Vagabond Jokes
Funny Jokes
An 18th-century vagabond in England, exhausted and famished, came to a roadside Inn with a sign reading: "George and the Dragon." He knocked. The Innkeeper's wife stuck her head out a window. "Could ye spare some victuals?" He asked. The woman glanced at his shabby, dirty clothes. "No!" she shouted. "Could I have a pint of ale?" "No!" she shouted. "Could I at least sleep in your stable?" "No!" she shouted again. The vagabond said, "Might I please...?" "What now?" the woman screeched, not allowing him to finish. "D'ye suppose," he asked, "that I might have a word with George?"
A poor vagabond, traveling a country road in England, tired and hungry, came to a roadside Inn with a sign reading: "George and the Dragon." He knocked gently on the door.

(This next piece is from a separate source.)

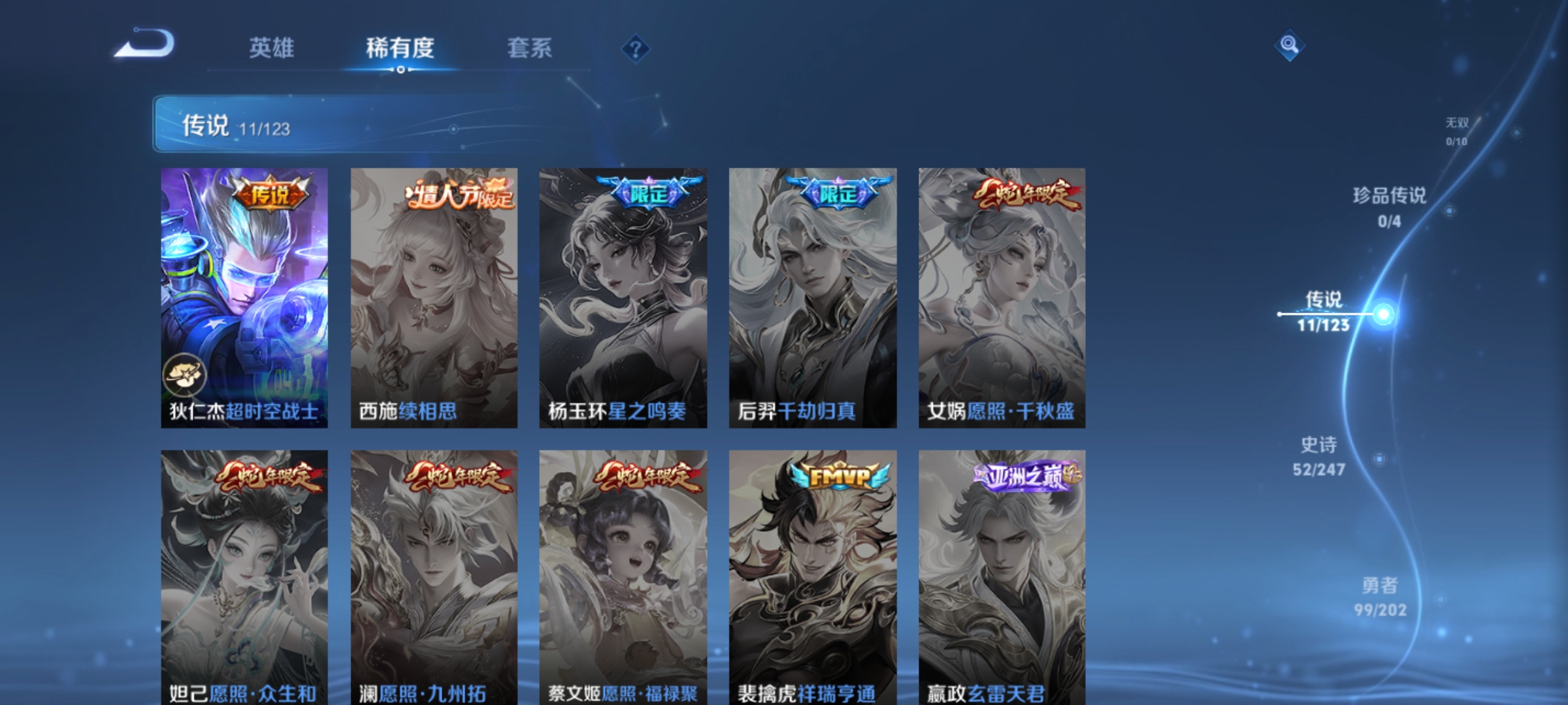 [11525804]司空震蛇年限,虞姬蛇年限,澜逐花归海,-不可二次-V7-121英雄-215皮肤-11传说-52史诗 浮生妄-夏洛特 引擎之心-赵云 街头霸王-韩信

The Innkeeper's wife stuck her head out a window. "Could ye spare some victuals?" he asked politely. The woman glanced at his shabby clothes and obviously poor condition. "No!" she said rather sternly. "Could I just have a pint of ale?" "No!" she said again. "Could I at least sleep in your stable?" "No!" by this time she was fairly shouting. The vagabond said, "Might I please...?" "What now?" the woman interrupted impatiently. "D'ye suppose," he asked, "I might have a word with George?"